Deepa Vembu on Getting Estimation Right and Winning Over Customer Expectations

Deepa talks about estimation models, its four essential components, and takes us through a sample estimation exercise
Srikrishnan Ganesan
January 11, 2021
Implementation Stories
Main Illustration:
Krishna Kumar

Deepa Vembu on Getting Estimation Right and Winning Over Customer Expectations

Deepa talks about estimation models, its four essential components, and takes us through a sample estimation exercise
Srikrishnan Ganesan
January 11, 2021
Implementation Stories
Main Illustration:
Krishna Kumar

In This Post

In this session of Implementation Stories, we spoke to Deepa Vembu, a Product GTM specialist with over 18 years of experience in onboarding, professional services, delivery, and tech with companies such as Chargebee, HCL, Wipro, and Mahendra Satyam.

In her last role at Chargebee, she owned the end-to-end strategy for Product Onboarding and Professional Services and led time-bound transformations for almost 100+ customers within six months. 

Deepa talks about building models for estimation, the four essential components of estimation, and takes us through a sample estimation exercise. In the rest of this article, we share the key takeaways from the session. 

Why estimation needs to be repeated and recursive  

Deepa began her session by drawing attention to the three fundamental questions raised in the context of estimation, which are:  

1. Why can’t estimation be simple math of available minus needed efforts? 

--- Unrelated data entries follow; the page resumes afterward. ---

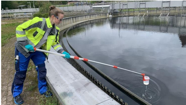
Image 4: The new inline measurement method is intended to supplement and in many cases replace random manual sampling, such as here at the Aachen Soers wastewater treatment plant of the Eifel-Rur Water Association.
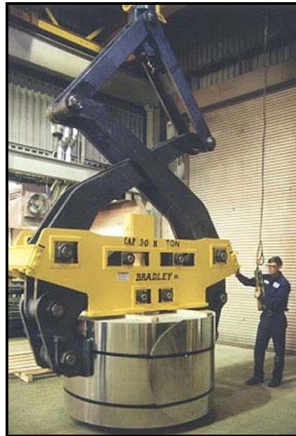
DOUBLE RIM COIL TONG FOR HIGH GRADE FINISHED COILS
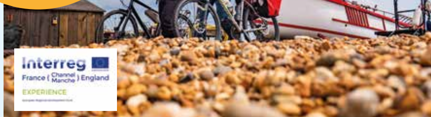
Left: Robert Spinning

12 cycle routes to tackle in 2022. Read our suggestions: cyclinguk.org/article/12-cycle-routes-do-2022

2. Why can’t the same effort be applied to all implementations? 

3. Why do we have to say 'it depends' while setting expectations?

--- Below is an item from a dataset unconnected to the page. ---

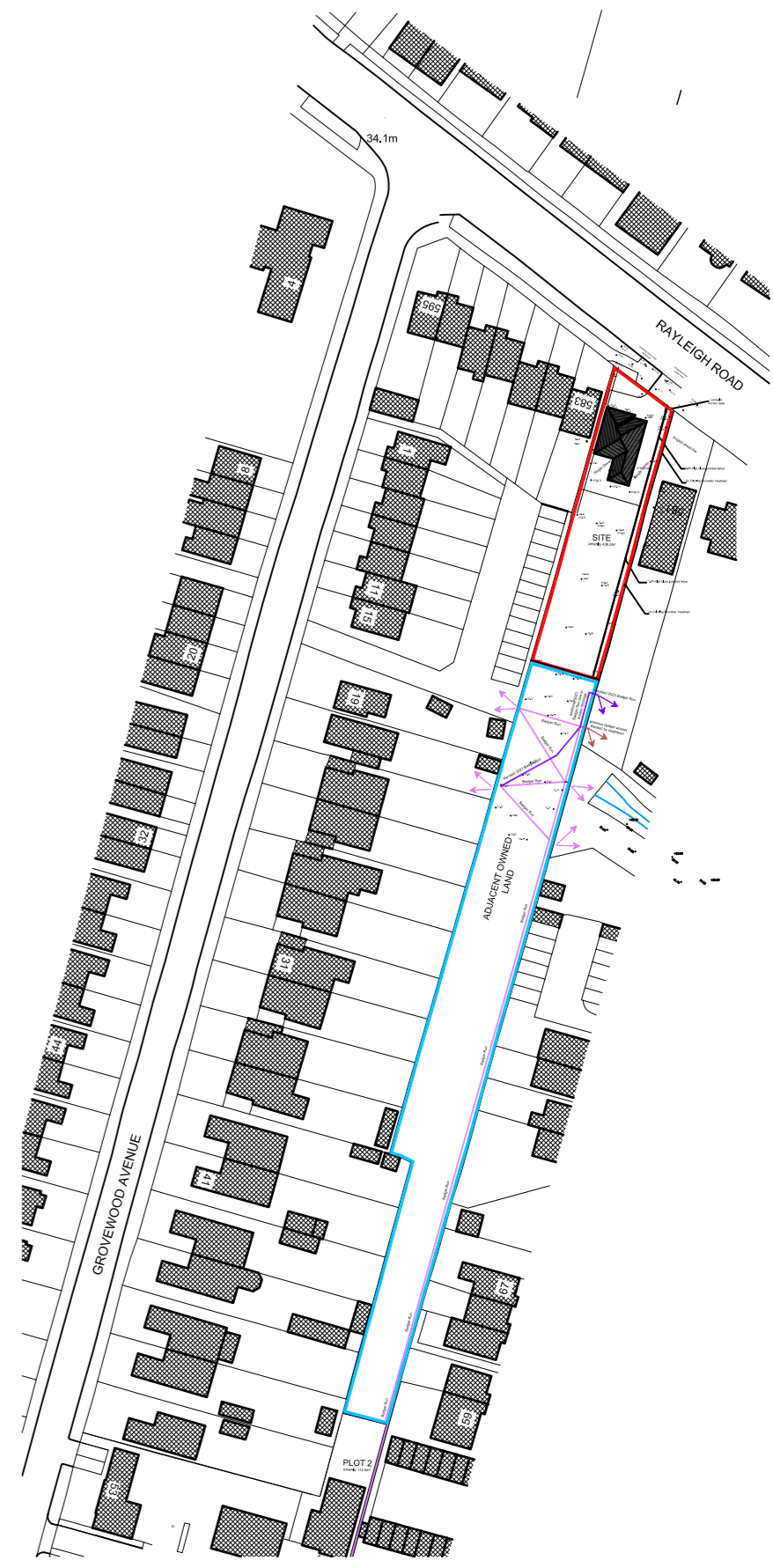
PROPOSED LOCATION PLAN Scale 1:1250

The only answer to all of these questions is that each implementation poses unique scenarios and caveats. This is also why estimation needs to be looked at as a repeated and recursive exercise, not a one-time effort. 

What you need for estimation to work each time 

  • An implementation plan with an SOP with tasks to calculate the effort for every step of implementation. This implementation plan should capture planned effort and actual effort for every project and feeds into all following implementation estimations. 

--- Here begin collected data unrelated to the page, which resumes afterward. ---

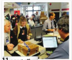
11. a post office

Exercise 1. Translate to Spanish the vocabulary above (Traduce al español el vocabulario de arriba).
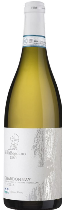
Chardonnay DOC Venezia
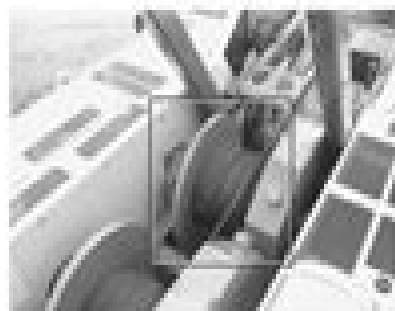
111-09 Boom Support
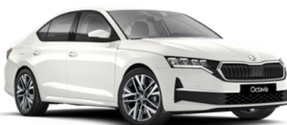
Candy White (9P9P – Solid)

At this stage, Deepa stressed the need to include even the easy-to-miss non-core implementation steps (essential non-value adds) that aid in outcomes, such as planning, documentation, communication, etc.

  • Prioritization to identify must-have tasks and those that can be delayed or after go-live
  • A central repository where every task/process is tracked 

Developing a model for estimation

The essential components of every estimation model include: 

1. History:  This entails looking at past implementations to arrive at the median effort (not the average effort) for each task. However, there will always be outliers with influencing factors unique to a situation or pattern of situations, so the next three elements are equally critical.
 

2. Classification: This focuses on looking at each project differently depending on the product scale sold, the customer segment, the customer’s needs and goals, etc. 

This grouping should also take into account:  

- Exceptions and a way to identify them 

- Skill levels for different and complex tasks 

- Team members mapped against specific skills  

3. Repetition: This aspect involves looking at events or instances repeated across implementations and a way to record and measure them. Over time, you need to add such repeating events to the SOP or find ways to kill the repetition.

With the above three elements, you have arrived at the actual effort, the actual effort by a category, exceptions/events that happen during implementation so you can get to the fourth element, re-baselining. 

4. Re-baselining: This is a process of iteration based on past experiences. For instance,  a 5-member team that worked on a new project will progressively get more efficient with successive iterations, thereby changing the baseline. This recursive element is what re-baselining captures.  

A simple estimation template 

A basic estimation template should capture, at the very least, efforts, exceptions, and re-baselines. Here are the basic fields Deepa recommends in an estimation template: 

  1. Task 
  2. Task description 
  3. Task priority 
  4. Task complexity (simple, medium, complex)
  5. Task weightage (as a percentage, a function of priority and complexity) 
  6. Calculated efforts 
  7. Last baseline
  8. Exception pointers 
  9. Categorization

Sample estimation plan for a planning and kickoff phase

Deepa shared a sample estimation for ‘Planning and Kickoff’, the first phase of their implementation. She recommends locking down and documenting the exact outcome of each phase, which in the case of this example, is finalizing the implementation approach and expectation-setting for it. 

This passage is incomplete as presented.